DATASET RECORDS section start

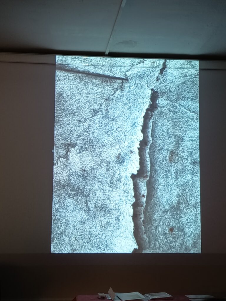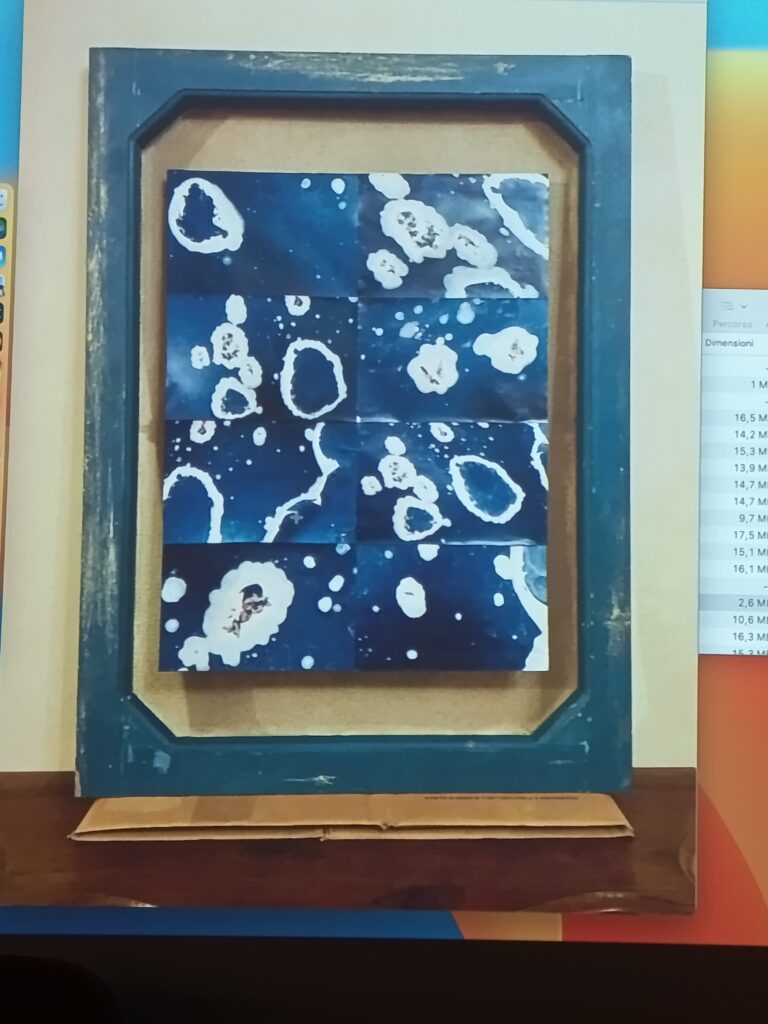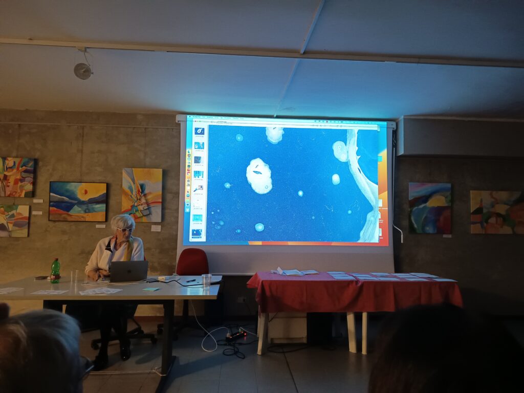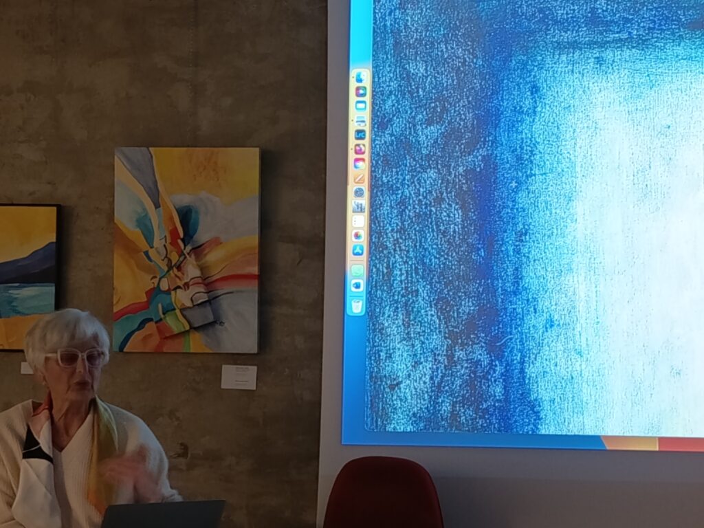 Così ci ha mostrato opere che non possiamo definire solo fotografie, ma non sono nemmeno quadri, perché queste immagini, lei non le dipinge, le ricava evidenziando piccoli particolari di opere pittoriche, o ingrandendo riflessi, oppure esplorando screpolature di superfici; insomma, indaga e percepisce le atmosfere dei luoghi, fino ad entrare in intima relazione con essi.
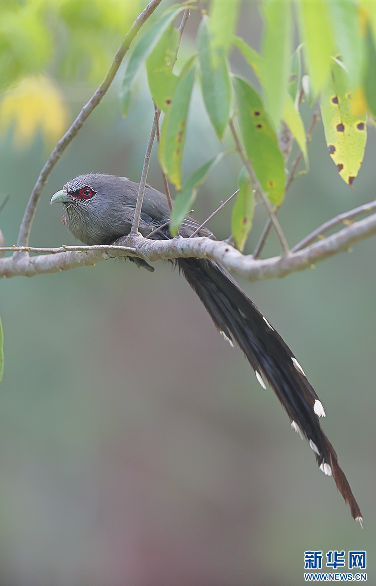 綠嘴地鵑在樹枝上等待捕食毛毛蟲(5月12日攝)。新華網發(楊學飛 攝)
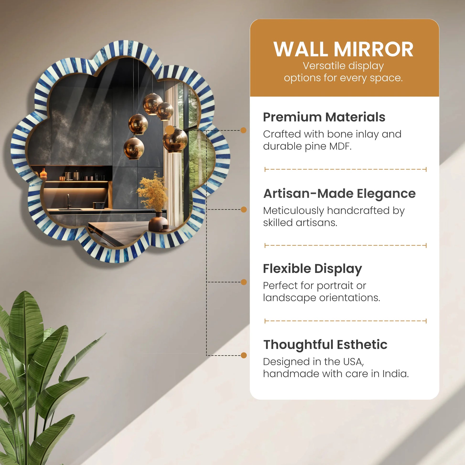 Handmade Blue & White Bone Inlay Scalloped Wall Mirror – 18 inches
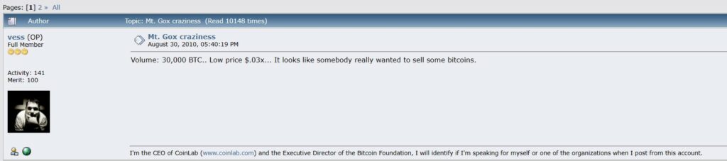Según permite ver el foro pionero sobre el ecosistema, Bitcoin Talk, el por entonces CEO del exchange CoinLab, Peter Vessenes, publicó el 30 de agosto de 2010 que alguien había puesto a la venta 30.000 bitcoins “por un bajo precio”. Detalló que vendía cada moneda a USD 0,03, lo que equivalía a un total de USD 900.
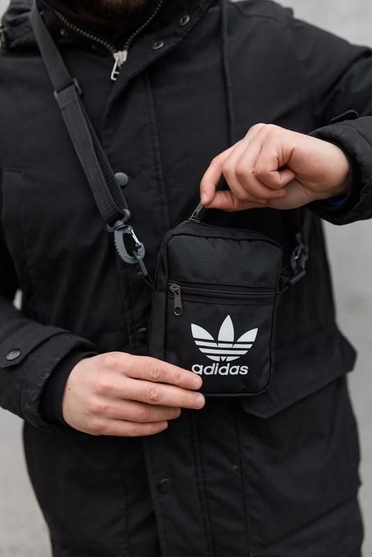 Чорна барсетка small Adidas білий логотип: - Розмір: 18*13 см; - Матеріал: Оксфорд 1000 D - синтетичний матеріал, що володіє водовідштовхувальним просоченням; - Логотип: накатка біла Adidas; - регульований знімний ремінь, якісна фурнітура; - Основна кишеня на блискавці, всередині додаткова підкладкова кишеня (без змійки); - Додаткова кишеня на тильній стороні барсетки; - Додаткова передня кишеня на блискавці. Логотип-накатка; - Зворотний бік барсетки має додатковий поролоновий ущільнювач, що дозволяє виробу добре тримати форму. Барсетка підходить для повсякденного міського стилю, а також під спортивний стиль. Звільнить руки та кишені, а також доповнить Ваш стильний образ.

DATASET RECORDS section end

(WORK TO COMPLETE):
From the first line to the last, output the records exactly without pictures.

(WORKED SOLUTION):
 Così ci ha mostrato opere che non possiamo definire solo fotografie, ma non sono nemmeno quadri, perché queste immagini, lei non le dipinge, le ricava evidenziando piccoli particolari di opere pittoriche, o ingrandendo riflessi, oppure esplorando screpolature di superfici; insomma, indaga e percepisce le atmosfere dei luoghi, fino ad entrare in intima relazione con essi.
 綠嘴地鵑在樹枝上等待捕食毛毛蟲(5月12日攝)。新華網發(楊學飛 攝)
 Handmade Blue & White Bone Inlay Scalloped Wall Mirror – 18 inches
Según permite ver el foro pionero sobre el ecosistema, Bitcoin Talk, el por entonces CEO del exchange CoinLab, Peter Vessenes, publicó el 30 de agosto de 2010 que alguien había puesto a la venta 30.000 bitcoins “por un bajo precio”. Detalló que vendía cada moneda a USD 0,03, lo que equivalía a un total de USD 900.
 Чорна барсетка small Adidas білий логотип: - Розмір: 18*13 см; - Матеріал: Оксфорд 1000 D - синтетичний матеріал, що володіє водовідштовхувальним просоченням; - Логотип: накатка біла Adidas; - регульований знімний ремінь, якісна фурнітура; - Основна кишеня на блискавці, всередині додаткова підкладкова кишеня (без змійки); - Додаткова кишеня на тильній стороні барсетки; - Додаткова передня кишеня на блискавці. Логотип-накатка; - Зворотний бік барсетки має додатковий поролоновий ущільнювач, що дозволяє виробу добре тримати форму. Барсетка підходить для повсякденного міського стилю, а також під спортивний стиль. Звільнить руки та кишені, а також доповнить Ваш стильний образ.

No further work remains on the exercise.